Todd Stern, Barack Obama’s lead climate envoy who forged compromises with China to make a deal possible, said: “It is really damaging for the United States to be on the way out.”
The U.S. position is “undermining” continuing negotiations on the implementation of the Paris deal, Stern told a meeting held by the World Resources Institute (WRI) to mark the anniversary of the Trump announcement – and the reaction has been a “mixed bag.”
Initially, it brought statements of resolve from many countries to uphold the agreement. It also spurred a large coalition of U.S. cities, counties, states and businesses to declare “we are still in,” despite federal policy.
“Eighteen months later, that same decisiveness is very much evident,” said Paula Cabellero, a former climate diplomat and director of WRI’s international climate program. “Trump can announce what he will, but the reality on the ground, in the U.S. and around the world, is that efforts to tackle climate change continue regardless and unabated.”
Stern said: “It wasn’t a foregone conclusion that other countries stayed in [the deal] and doubled down on their general determination not to walk away.”

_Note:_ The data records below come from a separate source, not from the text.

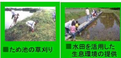
■ため池の草刈り ■水田を活用した生息環境の提供

地域においてより高度な取組を実践した場合に支援 活動水準に応じて 20万円/地区 40万円/地区
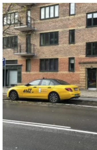
"Taxi 4x27, Dantaxi og TAXA 4x35 er hurtige til at reagere, når jeg kontakter dem om parkerede biler i taxiholdepladserne", fortæller Toseef Elahi.

Toseef Elahi opfordrer sine kolleger til at sende billeder af parkerede taxier i taxiholdepladser til taxiselskaberne med info om hvor bilerne holder.
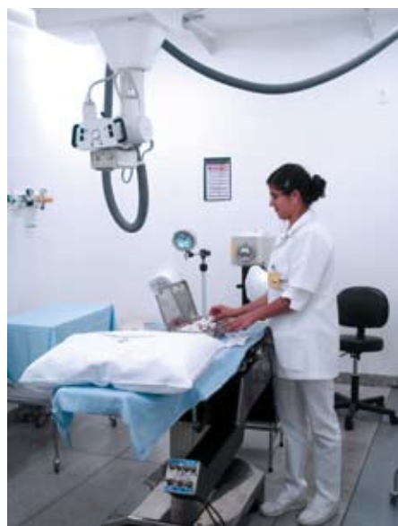
Sala de braquiterapia do Luxemburgo

Mário Penna eles compõem 100%); carentes ou totalmente sem recursos (como os hóspedes da Casa de Apoio Beatriz Ferraz, que congrega lares para crianças e adultos); ou de convênios e particulares (atendidos no Hospital Luxemburgo, onde mais de 60% do total das consultas, cirurgias, internações e terapêuticas com quimioterapia, radioterapia e medicina nuclear se destinam ao SUS).

But Obama’s climate champion was less sanguine about the broader impact of the U.S. position on the international stage. Stern said he had visited the last two UN climate talks in Bonn, Germany, speaking with dozens of national representatives.
“In the absence of the United States, you have a phenomenon of a fair number of countries, I think, trying to pull back a little bit on some of the things that were agreed to, some of the compromises that were reached in Paris,” he said.
During what Stern described as the “big moment” in Paris, the U.S. had convinced countries to make concessions “maybe past even the point where they were entirely comfortable.”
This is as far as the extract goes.